** Opening STUDY MATERIAL block **

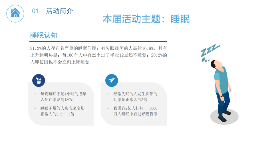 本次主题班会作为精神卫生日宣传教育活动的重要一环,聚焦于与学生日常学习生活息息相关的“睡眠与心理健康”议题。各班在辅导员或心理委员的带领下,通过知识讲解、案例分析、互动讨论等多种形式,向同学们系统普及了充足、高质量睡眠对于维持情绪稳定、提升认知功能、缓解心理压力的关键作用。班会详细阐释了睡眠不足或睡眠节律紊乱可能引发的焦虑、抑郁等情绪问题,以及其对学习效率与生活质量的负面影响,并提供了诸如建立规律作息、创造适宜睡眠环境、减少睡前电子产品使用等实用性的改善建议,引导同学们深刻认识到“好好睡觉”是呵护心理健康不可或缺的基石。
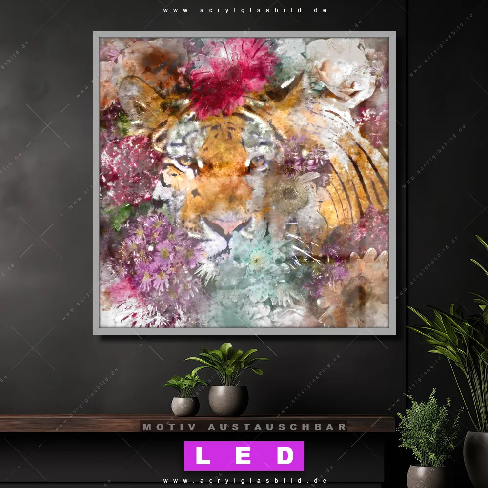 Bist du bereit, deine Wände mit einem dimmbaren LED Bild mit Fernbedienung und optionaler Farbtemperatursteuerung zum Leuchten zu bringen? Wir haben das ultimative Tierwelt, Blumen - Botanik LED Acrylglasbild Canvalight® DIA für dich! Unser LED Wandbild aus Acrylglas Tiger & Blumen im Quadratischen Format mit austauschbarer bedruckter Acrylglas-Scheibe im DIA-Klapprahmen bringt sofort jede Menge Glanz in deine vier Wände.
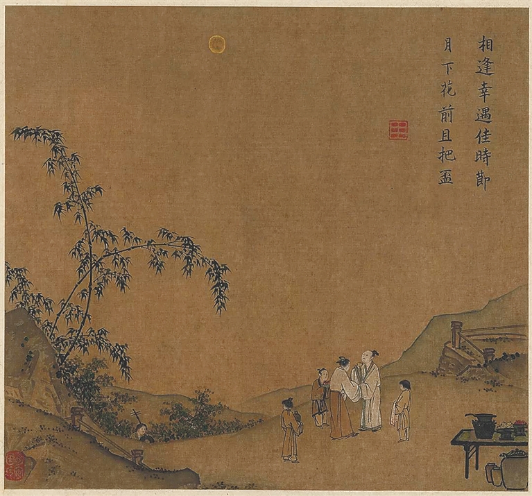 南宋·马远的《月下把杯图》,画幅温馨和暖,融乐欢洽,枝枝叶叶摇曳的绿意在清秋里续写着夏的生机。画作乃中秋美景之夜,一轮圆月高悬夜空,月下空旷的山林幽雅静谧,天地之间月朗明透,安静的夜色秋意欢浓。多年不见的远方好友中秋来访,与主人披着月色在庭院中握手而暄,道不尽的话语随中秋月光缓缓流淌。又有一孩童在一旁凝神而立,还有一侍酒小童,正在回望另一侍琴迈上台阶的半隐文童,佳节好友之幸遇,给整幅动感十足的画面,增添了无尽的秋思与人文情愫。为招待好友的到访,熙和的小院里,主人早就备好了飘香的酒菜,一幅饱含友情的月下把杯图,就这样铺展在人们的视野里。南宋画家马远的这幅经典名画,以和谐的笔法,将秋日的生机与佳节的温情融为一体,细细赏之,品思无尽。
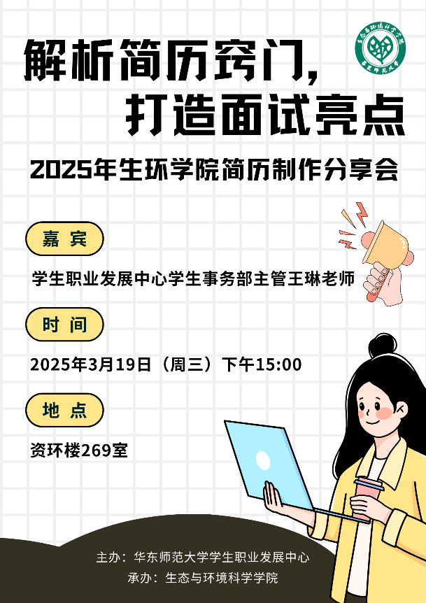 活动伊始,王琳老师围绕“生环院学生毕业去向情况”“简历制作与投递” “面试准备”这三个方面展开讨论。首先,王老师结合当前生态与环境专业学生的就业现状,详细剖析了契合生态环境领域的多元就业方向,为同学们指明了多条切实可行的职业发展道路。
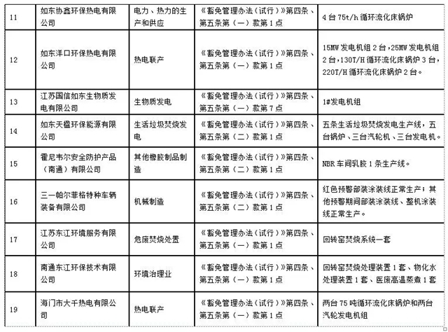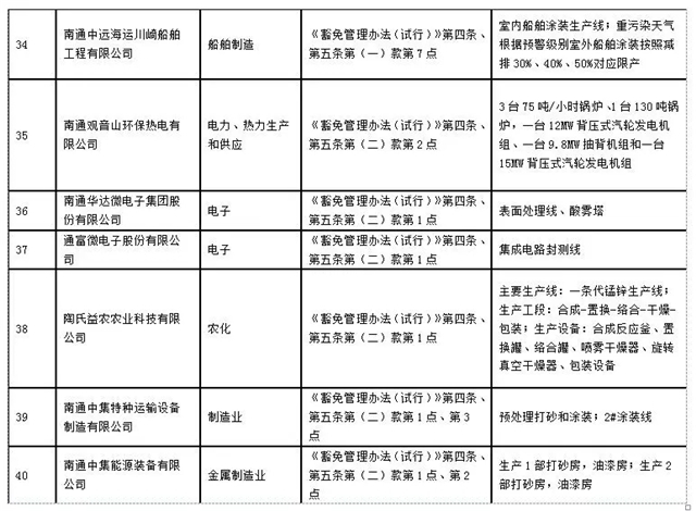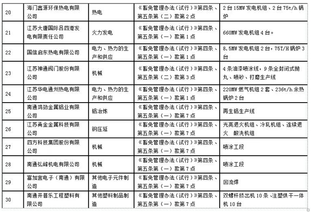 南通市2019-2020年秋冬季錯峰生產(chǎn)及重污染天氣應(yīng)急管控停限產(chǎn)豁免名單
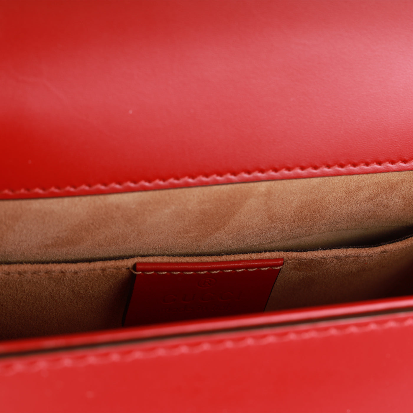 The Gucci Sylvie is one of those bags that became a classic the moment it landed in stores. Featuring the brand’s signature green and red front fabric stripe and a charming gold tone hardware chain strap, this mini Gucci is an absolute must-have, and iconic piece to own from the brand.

** Closing STUDY MATERIAL block **

DIRECTIONS -
The copy must start at the line containing "南宋·马远的《月下把杯图》,画幅温馨和暖" and end at the last line of the records, matching each line exactly and holding no pictures.

WRITTEN REPLY -
 南宋·马远的《月下把杯图》,画幅温馨和暖,融乐欢洽,枝枝叶叶摇曳的绿意在清秋里续写着夏的生机。画作乃中秋美景之夜,一轮圆月高悬夜空,月下空旷的山林幽雅静谧,天地之间月朗明透,安静的夜色秋意欢浓。多年不见的远方好友中秋来访,与主人披着月色在庭院中握手而暄,道不尽的话语随中秋月光缓缓流淌。又有一孩童在一旁凝神而立,还有一侍酒小童,正在回望另一侍琴迈上台阶的半隐文童,佳节好友之幸遇,给整幅动感十足的画面,增添了无尽的秋思与人文情愫。为招待好友的到访,熙和的小院里,主人早就备好了飘香的酒菜,一幅饱含友情的月下把杯图,就这样铺展在人们的视野里。南宋画家马远的这幅经典名画,以和谐的笔法,将秋日的生机与佳节的温情融为一体,细细赏之,品思无尽。
 活动伊始,王琳老师围绕“生环院学生毕业去向情况”“简历制作与投递” “面试准备”这三个方面展开讨论。首先,王老师结合当前生态与环境专业学生的就业现状,详细剖析了契合生态环境领域的多元就业方向,为同学们指明了多条切实可行的职业发展道路。
 南通市2019-2020年秋冬季錯峰生產(chǎn)及重污染天氣應(yīng)急管控停限產(chǎn)豁免名單
 The Gucci Sylvie is one of those bags that became a classic the moment it landed in stores. Featuring the brand’s signature green and red front fabric stripe and a charming gold tone hardware chain strap, this mini Gucci is an absolute must-have, and iconic piece to own from the brand.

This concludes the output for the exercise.